70% sounds really good, maybe too good. Wonder if you can do this with something faster growing than wood: bamboo, say, or kudzu, or water hyacinth. One concern with peat is that if it works well, we might decide to dig it up instead of make it. That would be disastrous from a CO2 perspective.

We do dig up natural peat bogs now for fuel.

The advantage here is since were creating the peat bog we control the surroundings by two means one the bog is actually above the natural water table allowing it to be drained like a holding pond. Next we have pre-lined our bog with a impermeable material probably clay or bricks or concrete. Next we can almost certainly do in-situ gasification. We are also loading the bog way beyond natural rates by introducing biomass from the surrounding fields.

It really the artificial nature of the bog that makes it worthwhile over natural peat bogs. Of course people drain natural bogs all the time also. Generally though there far from the population and can't compete with coal at least so far.

As a finally note the ash left over from gasification is a great fertilizer and can be spread back on the adjacent fields.

We do dig up natural peat bogs now for fuel.

Well, of course. The real advantage of a peat farm (if it can be made to work) is that you only burn what you've accumulated in a year or however long it takes to make your peat, not burning tens of thousands of years of accumulated reduced carbon. The concern was that if you had a way of making peat valuable as fuel (directly, through BTL, whatever) we'll have the coal problem all over again, only we may end up destroying wetlands while we're at it.


As long as there is coal it more cost effective to mine coal then peat.

My artifical peat ditches differ dramatically from natural peat bogs.

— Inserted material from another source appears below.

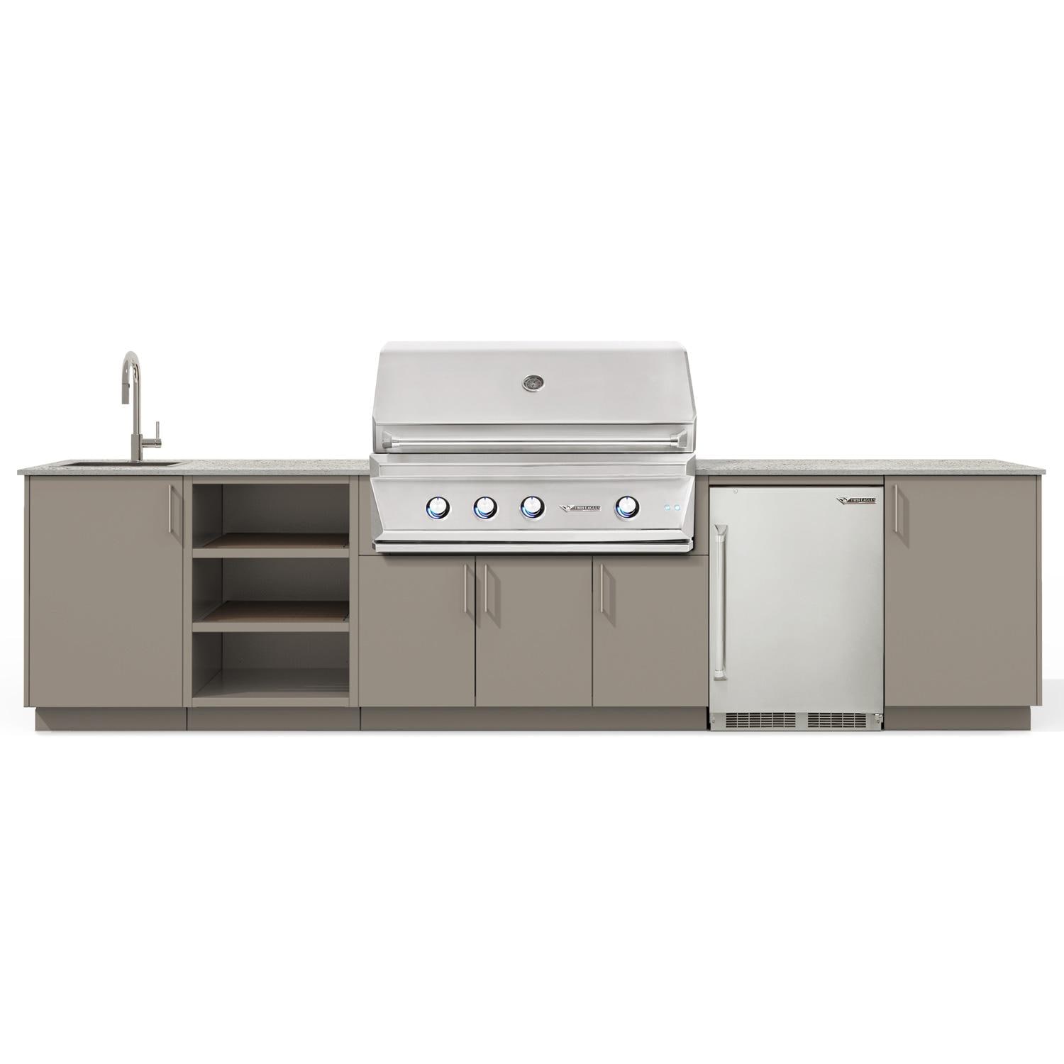 - Includes Twin Eagles TEBQ42R-CL 42 Inch Propane Grill, sink, refrigerator, heavy duty drawer, refuse & recycling module, and shelf

First there charged with organic material from the surrounding
farmland that gives you say a 100-200:1 greater accumulation ratio than a natural peat bog. So in reality your getting if you fill for 3-5 years at least 300-1000 years of natural peat production plus your capturing the methane wich is a significant part of the overall energy probably 30-50%.
If for example you have 200 units of land you would fill a
artifical bog of say 1 unit. Its a volume problem since its related to the amount of organic material and the depth of the bog I'm guessing at leat 10-20 foot depth for the bog.
Needless to say the bog itself can be located on the least valuable land. I'm guessing to some extent but you can easily take the hay from a hundred acre farm and store it on a one acre plot piling it 20 feet high I find numbers like 9-15 dry tons per acre is common for biomass.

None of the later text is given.